%%
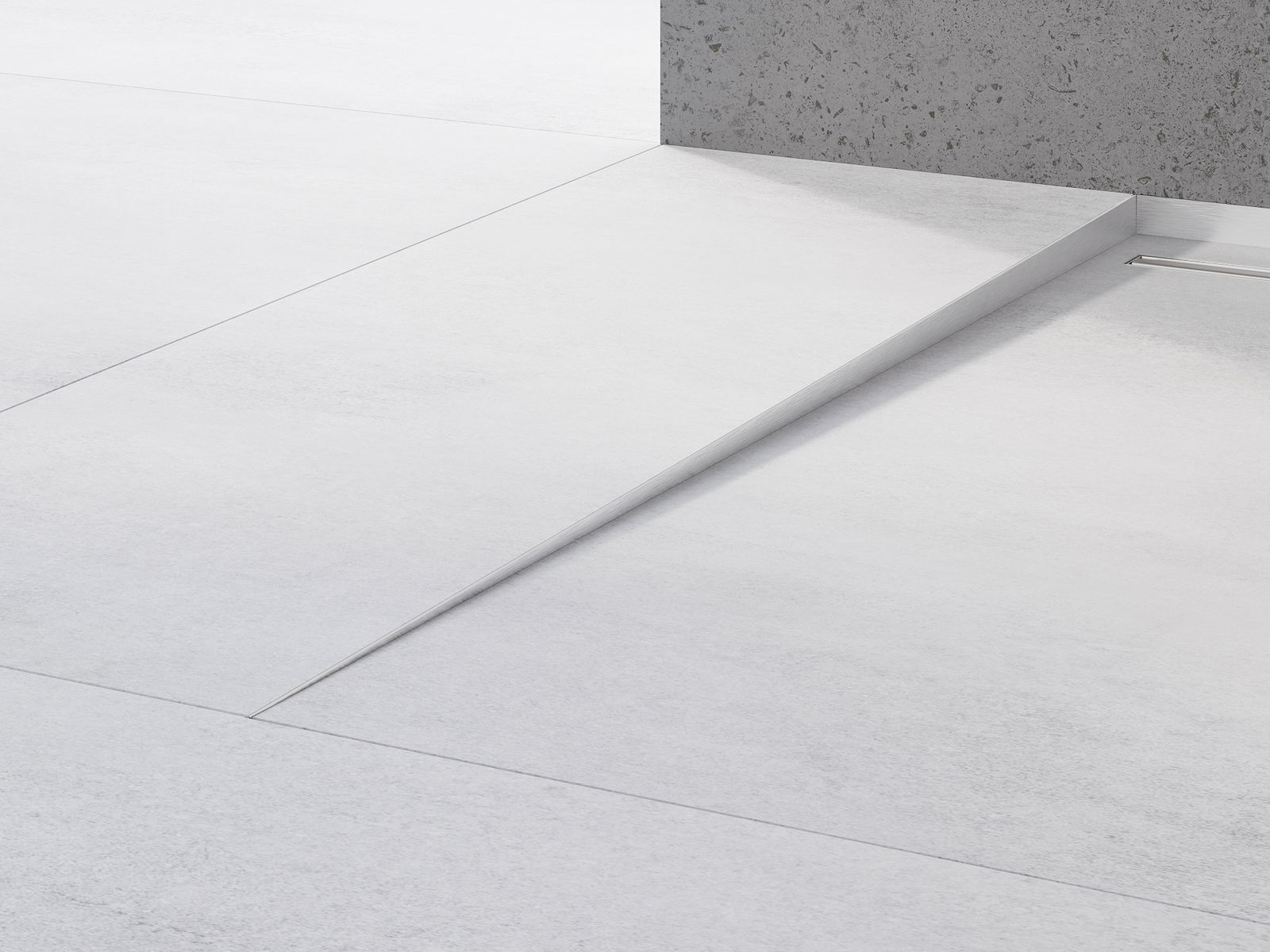 Die Seitenkante der Leiste erzwingt einseitiges Gefälle zum Linienabfluss ohne die Notwendigkeit eines sogenannten Kuverts
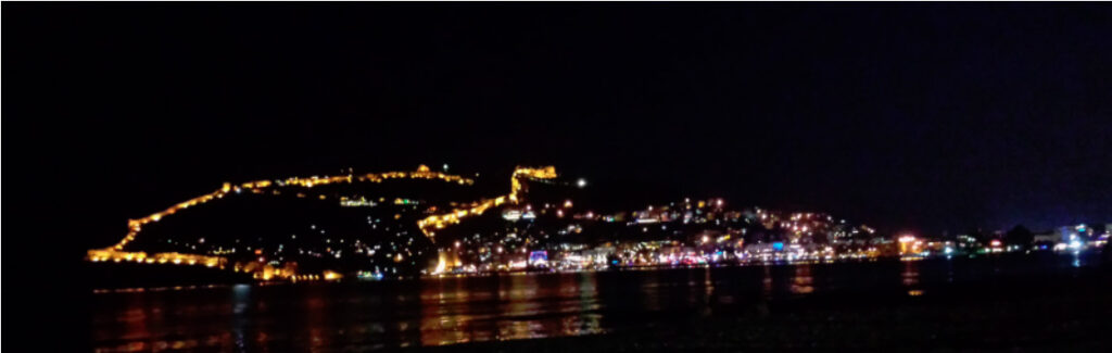 Blick auf den Burgberg von Alanya um 21:08. Die beleuchtete Festungsmauer ist gut zu sehen.
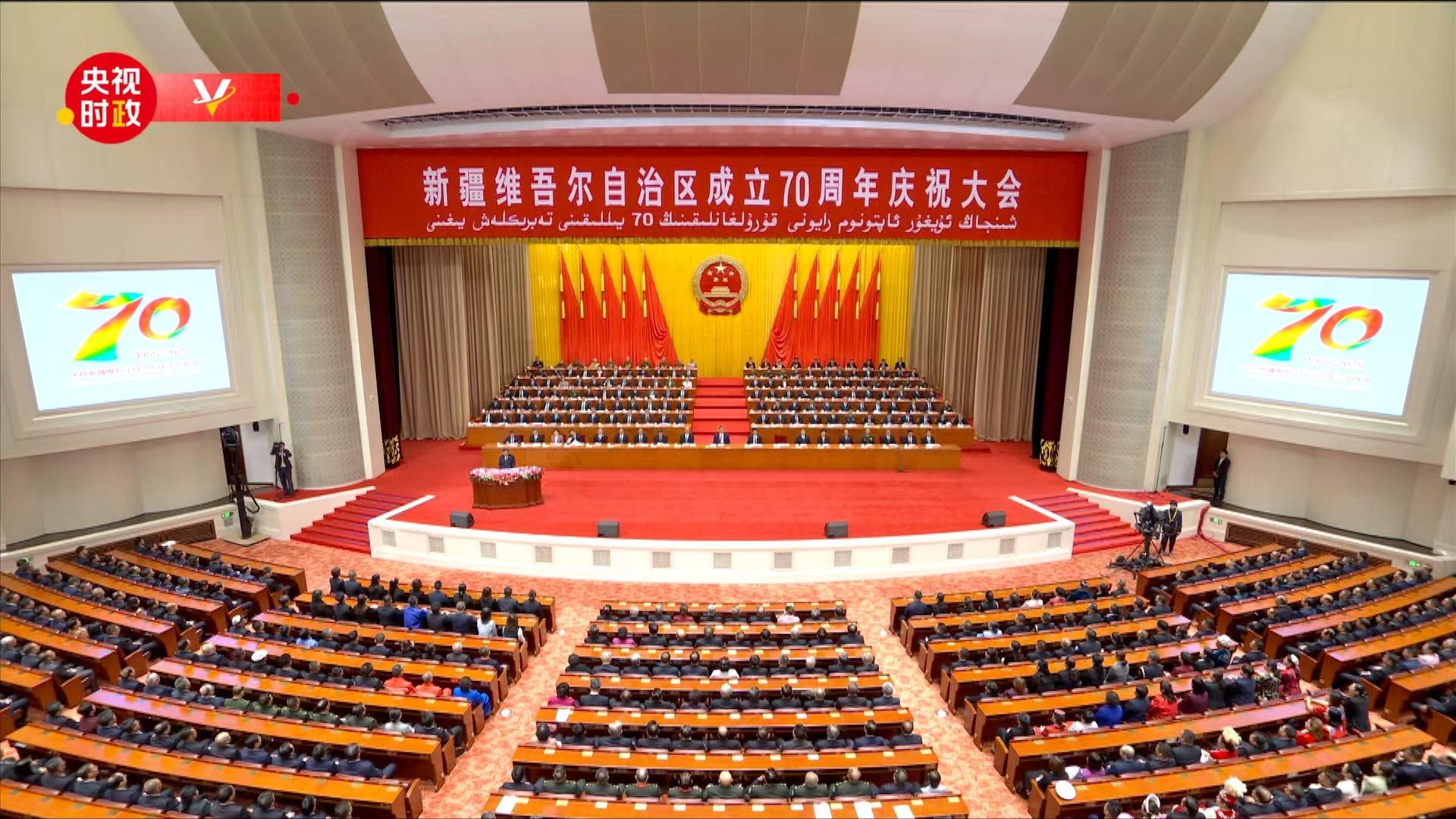砥砺奋进七十载,石榴花开别样红。新疆各族儿女牢记嘱托、感恩奋进,像石榴籽一样紧紧抱在一起,昂首阔步走在中国式现代化道路上。 25日上午,新疆维吾尔自治区成立70周年庆祝大会在新疆人民会堂隆重举行。中共中央总书记、国家主席、中央军委主席习近平出席庆祝大会。 70年前,在党中央亲切关怀和党的民族政策光辉照耀下,新疆维吾尔自治区宣告成立。70年来特别是新时代以来,在党的领导下,新疆各族人民共同当家作 主,不断夺取社会主义革命、建设和改革开放的伟大胜利。 ...
%%
## [REQUIREMENT]
Repeat verbatim the lines between the start of the data and the line containing "Blick auf den", both ends included, omitting all pictures.

## [SOLUTION TO THIS PROBLEM]
 Die Seitenkante der Leiste erzwingt einseitiges Gefälle zum Linienabfluss ohne die Notwendigkeit eines sogenannten Kuverts
 Blick auf den Burgberg von Alanya um 21:08. Die beleuchtete Festungsmauer ist gut zu sehen.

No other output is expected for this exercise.